This article is mentioned in:

Introduction

Dupuytren’s contracture (DC) is a progressive tissue disorder that affects the palmar fascia, and results in digital flexion contracture (1–3). DC incidence ranges from 3–40% worldwide and primarily affects patients >50 years (4). Therefore, it is necessary to investigate novel diagnostic and therapeutic approaches for patients with DC.

A number of treatments for DC have been evaluated, such as radiotherapy, topical vitamin A and E application, and dimethyl sulfoxide injection. However, these approaches have proven unsuitable or ineffective for the clinical treatment of DC (5). More recently, research has focused on potential treatments targeting the molecular processes underlying DC (6,7). Fibrogenic cytokines, which may be capable of inducing the growth of fibroblasts, are involved in the molecular mechanisms underlying DC (8). Satish et al (9) demonstrated that the expression of type XV collagen α 1 chain, proteoglycan 4 and fibulin-1, which are components of the extracellular matrix, is downregulated in DC fibroblasts compared with controls. The following miRNAs were found to be associated with the β-catenin pathway in DC tissue samples: Zinc finger of the cerebellum 1, wingless-type mouse mammary tumor virus integration site 5A and transforming growth factor β 1, (10). Musculoaponeurotic fibrosarcoma oncogene homolog B has been reported to be expressed in DC samples and not in healthy samples (11). Furthermore, a number of matrix metalloproteinases (MMPs), including MMP 13, MMP 16 and MMP 19 are expressed in DC samples but not in healthy samples (12). However, the pathogenesis of DC remains poorly understood. It is therefore necessary to investigate the pathology of DC in order to develop diagnostic and therapeutic approaches to DC.

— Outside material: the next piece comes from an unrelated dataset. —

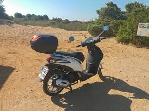 Dozvěděla jsem se, že skútr obsahu 125 ccm se dá půjčit za 20 EUR na den, což mi přišlo jako sympatická cena a tak jsem druhý den ráno se slovy „snad se ještě někdy uvidíme“ opustila Zdendu a vybavena šnorchlem, brýlemi, ručníkem a mapou ostrova vyrazila do půjčovny.

In the present study, statistical analysis was performed, in order to develop gene expression profiles for samples from patients with DC and from healthy controls. The significantly differentially expressed genes (DEGs) between DC patients and healthy controls were measured. Hierarchical clustering analysis was performed for the DEGs. Antagonistic contrary genes, which exhibited opposite expression patterns in the positive and negative groups, and likely exhibited opposite functions, were then identified. A gene ontology (GO) function analysis was conducted and a network of GO terms was constructed.

Materials and methods

DEG identification

The GSE21221 expression profile was downloaded from the gene expression omnibus (GEO) database. This included six samples from DC-derived fibroblasts and six control samples from carpal-tunnel-derived fibroblasts, and was conducted using GPL2507 Sentrix® Human-6 Expression BeadChip and GPL10301 GE Healthcare CodeLink Human Whole Genome Bioarray (9). DEGs (P<0.05) were identified using the Distributed Intrusion Detection System (DIDS) (13) with R package version 1.1.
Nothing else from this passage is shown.